曝光台注意防骗网曝天猫店富美金盛家居专营店坑蒙拐骗欺诈消费者

will not be suitable for linguistic quality evaluation
was correct. Other metrics for linguistic quality need to
be explored for this task (Lapata and Barzilay, 2005).
pyramid responsiveness
features max min sig sig% a0.5 a0.5% max min sig sig% a0.5 a0.5%
JSD -0.714 -0.271 35 72.9 19 39.6 -0.654 -0.262 35 72.9 17 35.4
JSD smoothed -0.712 -0.269 35 72.9 18 37.5 -0.649 -0.279 33 68.8 17 35.4
KL summ-inp -0.736 -0.276 35 72.9 17 35.4 -0.628 -0.261 35 72.9 13 27.1
% of input sign 0.701 0.286 31 64.6 16 33.3 0.693 0.279 29 60.4 9 18.8
cosine overlap 0.622 0.276 31 64.6 6 12.5 0.618 0.265 28 58.3 4 8.3
KL inp-summ -0.628 -0.262 28 58.3 8 16.7 -0.577 -0.267 22 45.8 6 12.5
topic overlap 0.597 0.265 30 62.5 5 10.4 0.689 0.277 26 54.2 3 6.3
% summ sign 0.607 0.269 23 47.9 7 14.6 0.534 0.272 23 47.9 1 2.1
mult. summ prob 0.434 0.268 8 16.7 0 0 0.459 0.272 10 20.8 0 0
uni. summ prob 0.292 0.261 2 4.2 0 0 0.466 0.287 2 4.2 0 0
regression 0.736 0.281 37 77.1 14 29.2 0.642 0.262 32 66.7 6 12.5
Rouge-1 recall 0.833 0.264 47 97.9 32 66.7 0.754 0.266 46 95.8 25 52.1
Rouge-2 recall 0.875 0.316 48 100 33 68.8 0.742 0.299 44 91.7 22 45.8
Table 3: Spearman correlations between feature values and manual system scores on a per input basis (TAC 2008 Query Focused
summarization). Only the minimum, maximum values of the significant correlations are reported together with the number of
significant correlations and the number of inputs for which correlations above 0.5 were obtained.
6 Evaluation of systems for TAC 2008
Update Summarization task
In the paper, we discussed only the results from evaluations
of the query focused summaries produced at TAC
2008. The results for the update task are very similar and
all conclusions hold for these data as well. For completeness
we give the correlations between fully automatic and
manual evaluations in Table 4.
7 Summarization as optimization—is JSD
enough?
We have demonstrated that comparison of input and summary
contents is predictive of summary quality. Further,
our experiments show that a single best feature could approximate
the comparison. A natural question arises in
this situation—when a summarizer is built that globally
optimizes for JS divergence during summary creation,
wouldn’t this input-based evaluation method be voided?

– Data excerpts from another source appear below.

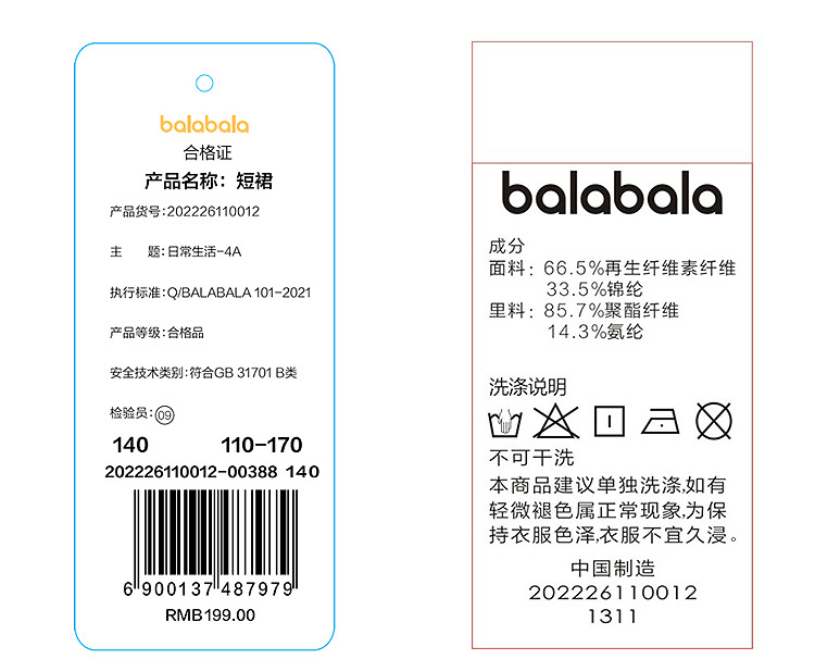 【商场同款】巴拉巴拉童装儿童短裙女童2026夏新款仿牛仔裙裤甜美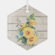 Podrá disfrutar de las flores amarillas soleadas en cualquier época del año con este adorable adorno de cristal. Este ramo de flores de estilo vintage se alza sobre un falso fondo rústico de madera, como si las flores estuvieran a lo largo de una valla o casa. Este adorno chic y desagradable puede alegrar tu árbol de Navidad o cualquier decoración.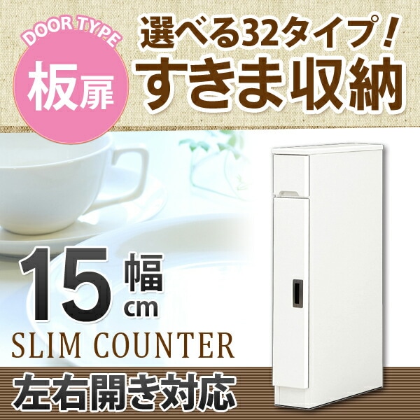 すきま収納 スリムカウンター 幅15cm キッチン収納 ランドリー収納 ホワイト エナメル塗装 開き扉 日本製 大川家具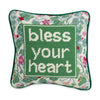 Make a statement with this charming-meets-chic needlepoint pillow. Hand embroidered in wool and backed in luxe green velvet, we've revived this Southern staple with sayings that are sure to get a smile.

It must be remembered that the goal of summarization
is not the selection of good content alone. Summarizers
must also reduce redundancy, improve coherence and
adhere to a length restriction. Often these goals might enter
into conflicts during summary creation and satisfying
them simultaneously becomes a difficult problem.
Studies of global inference algorithms for multidocument
summarization (McDonald, 2007; tau Yih et
al., 2007; Hassel and Sj¨obergh, 2006) found that optimizing
for content is NP-hard and equivalent to the Knapsack
problem. (McDonald, 2007) further showed that
intractability of a relevance maximization framework increases
with the addition of redundancy constraints. Although,
exact solutions may be found using ILP formulations,
they can be used only on small document sets.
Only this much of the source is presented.